Famed lesbian Anne Lister kept diaries that chronicled her life over 5 million words, including her sexual relationships with women. In her diaries she wrote, “I love and only love the fairer sex”.
We hold the wills of Anne Lister and her lover Ann Walker.

Anne Lister's will featured within our recent 'With Love' exhibition, which you can explore here: https://nationalarchives.gov.uk/with-love/exhibition/

📷: PROB 10/6000 & PROB 10/7038.
In an era before same sex marriage was made legal, the couple’s options to express their mutual love were limited.

On Easter Sunday in 1834 at the Holy Trinity Church, Goodramgate, they took communion together – an act they deemed as constituting marriage.

📷: COPY 1/523/184
Two hundred years on, the church now bears a plaque acknowledging this as the location of the first lesbian wedding.

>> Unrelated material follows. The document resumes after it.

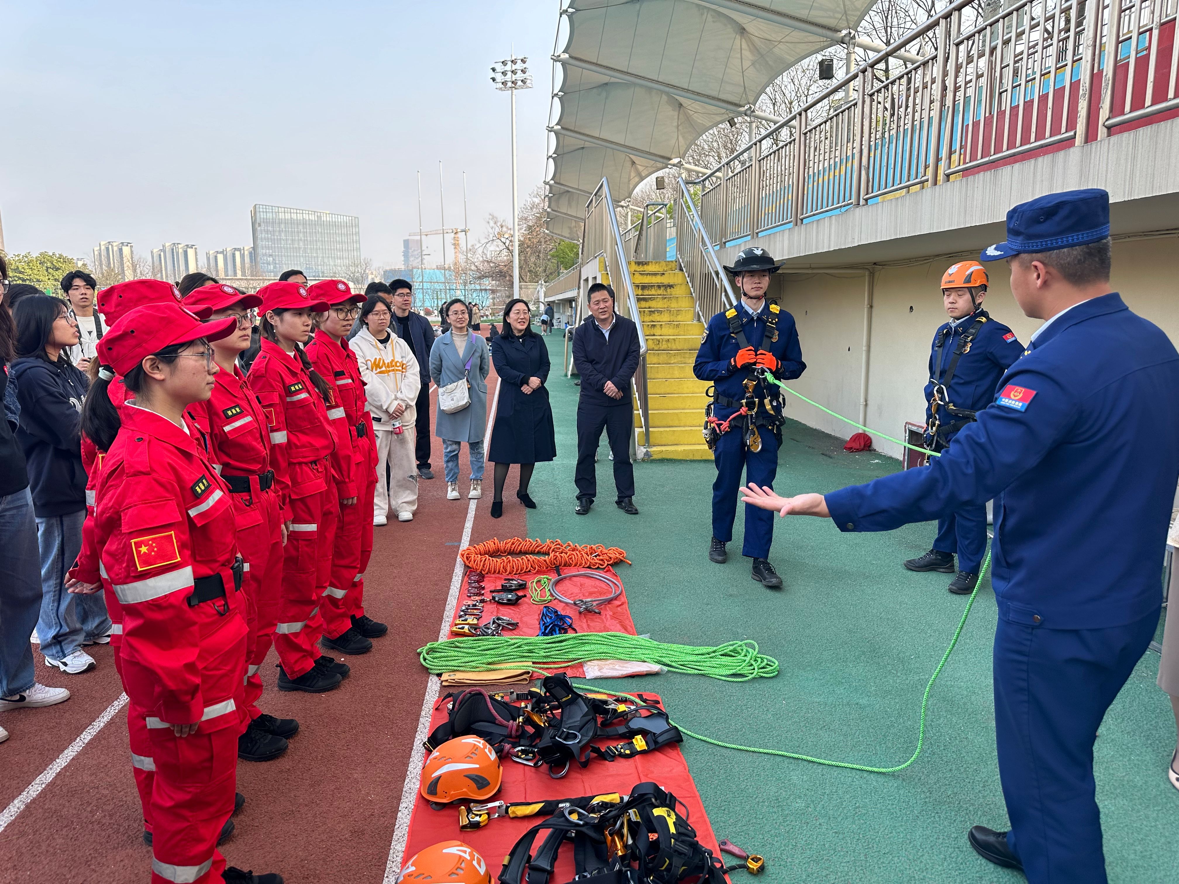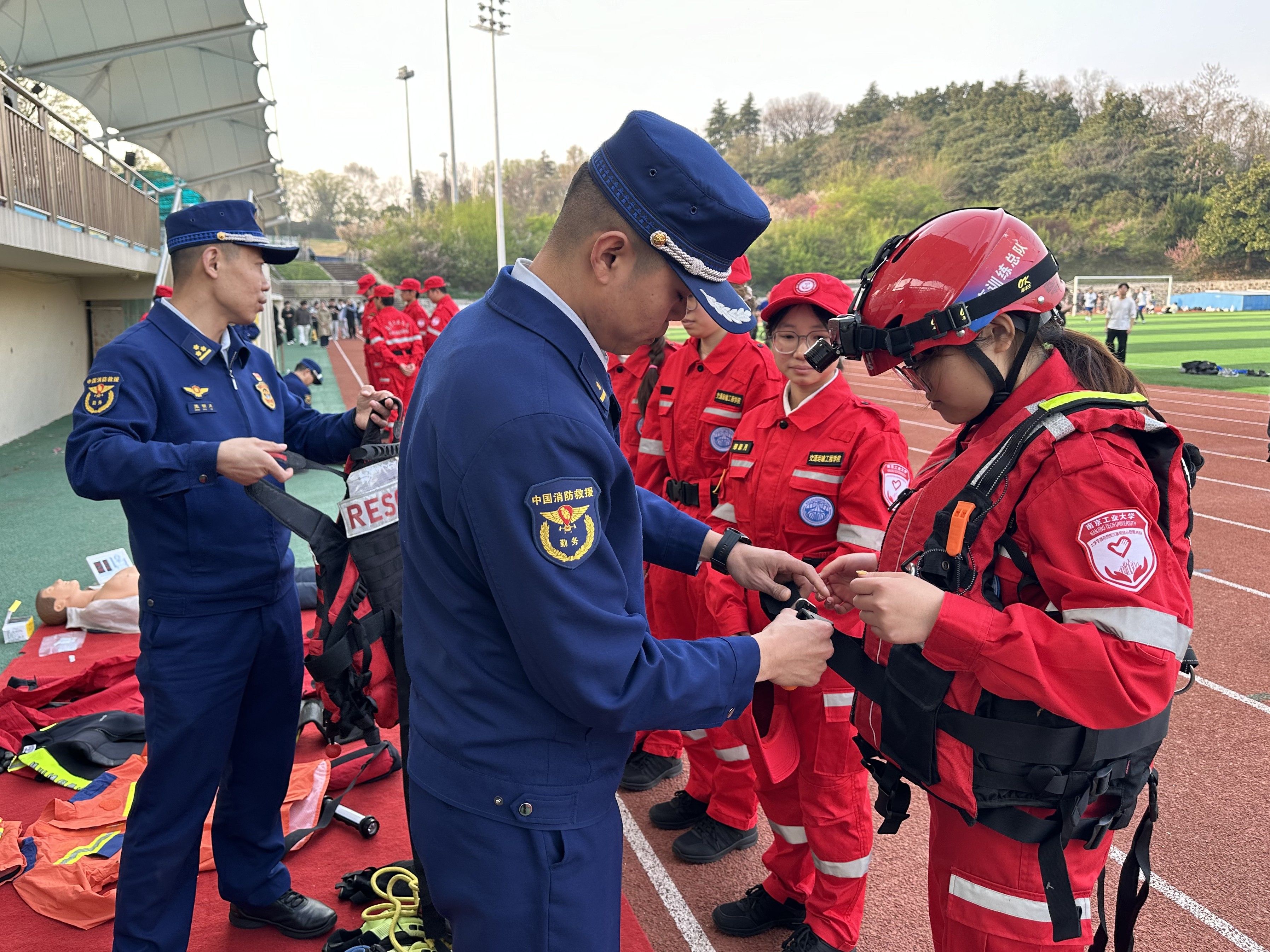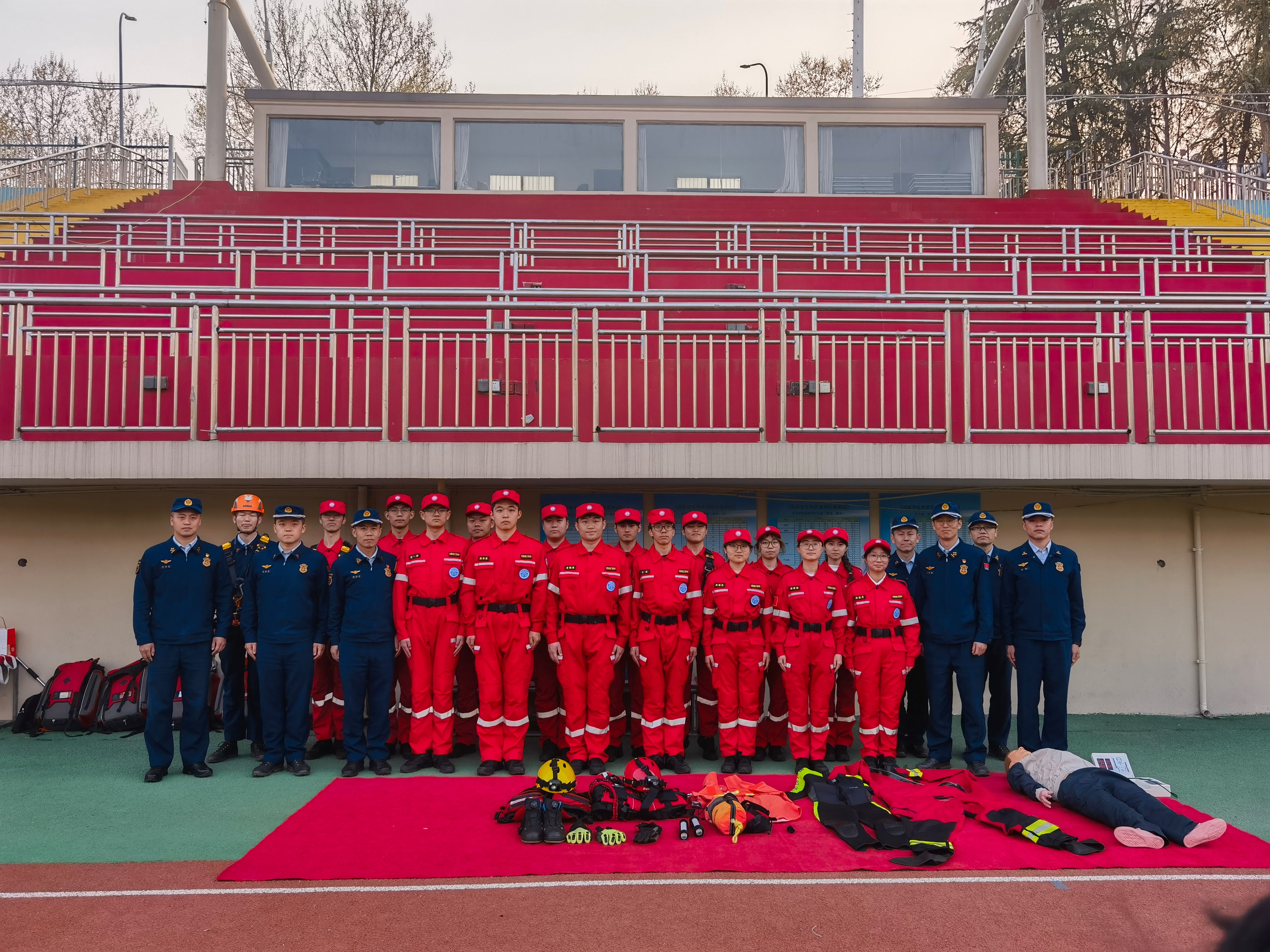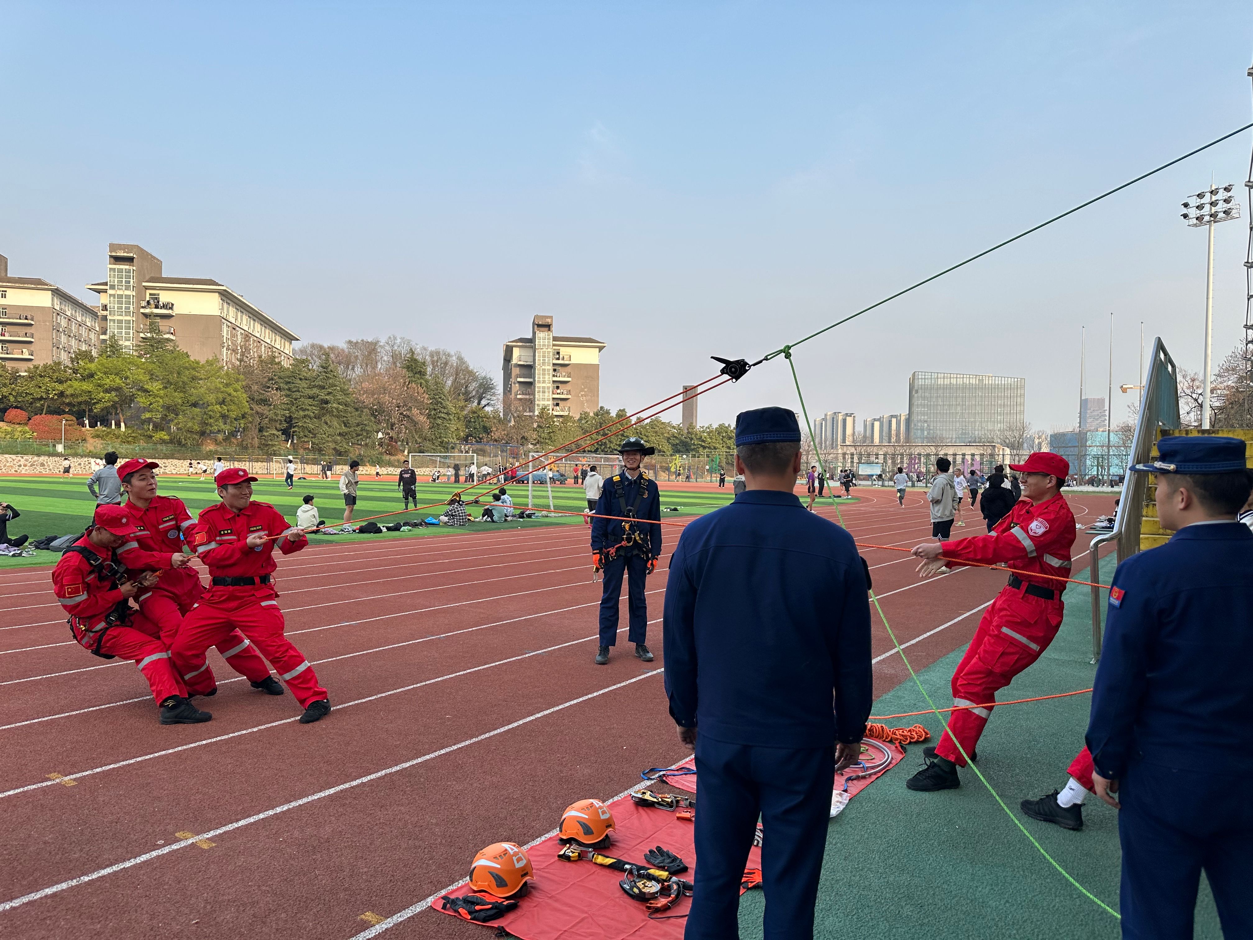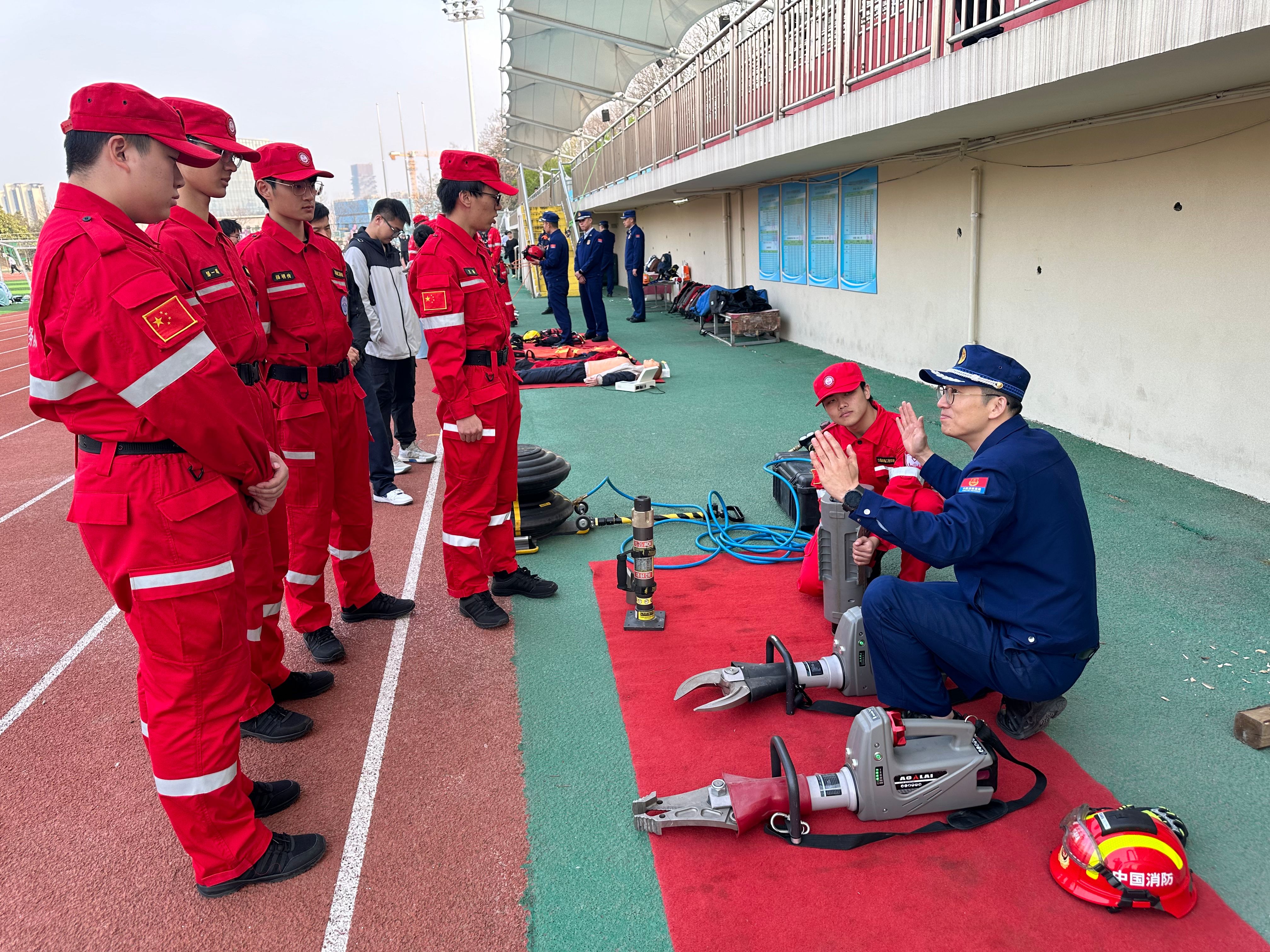 南京训练总队在行健体育场为志愿服务队及相关专业员工开展培训,系统开展了装备穿戴、绳索升降等绳索救援培训,急救程序、心肺复苏等应急救援培训,破拆器、起重气垫使用等破拆救援培训,全面提升了同学们的理论基础和实操能力。

📷: Anne Lister plaque - wikicommons
Ultimately, Lister bequeathed her substantial estate to her ‘friend’ Ann Walker, but in an intriguing twist, stated that if Ann should marry she would be disinherited; ‘… as if the said Ann Walker should have then departed this life.’

📷: PROB 10/6000
Vera Holme became Emmeline Pankhurst’s driver, wore masculine clothes, smoked, and lived by independent means. Holmes chose to be referred to as ‘Jack’ and was known to have relationships with women.

📷: LSE Women's Library - wikicommons
Vera not only drove for the suffragettes, but, like many women fighting for the franchise, from 1915 she turned to support the war effort.
We have the medal card for her and her lifelong partner Evelina Haverfield, who served in Serbia as an administrator for the French Red Cross.

Watch @hilarymcc7 talk about 'Sapphic Suffragettes’ on our archives media player: https://media.nationalarchives.gov.uk/index.php/outing-past/
With their love often pushed underground, how were women able to meet other women for relationships in the past? One way was through publications such as The Link, a ‘lonely hearts’-style publication from the early 20th century.

📷: MEPO 3/283
These classified ads look in many ways like past equivalents of modern dating profiles; people had up to 25 words to describe themselves and what they were seeking.
Through these pages, men used the coded language in the classified adverts to meet other men, and some women used them to find other women.

Coded language within these adverts looked like this: ‘unconventional’, ‘lonely’, ‘jolly’ and ‘bachelor girl’…
Young Lady (B'ham), 19, refined, would be pleased to meet jolly girl as friend for evenings and week-ends. Residing B'ham preferred.
Unconventional (Wales), 30, well-educated, literary tastes, fond of travel, dancing, good times, and studying human nature, would like correspondence.
Often the lives of lesbian and bisexual women are difficult to trace.

While women’s relationships with other women were never formally criminalised, they were never socially acceptable. This can lead to gaps or silences in the archives.
Rarely are sources as explicit as the diaries of Anne Lister, but by reading between the lines of common family history records (for example wills and the census) we can reveal a huge amount.
We don’t know exactly how these people would have identified themselves or sometimes the pronouns they would have used. It is possible that some of these examples overlap with broader themes of gender identity.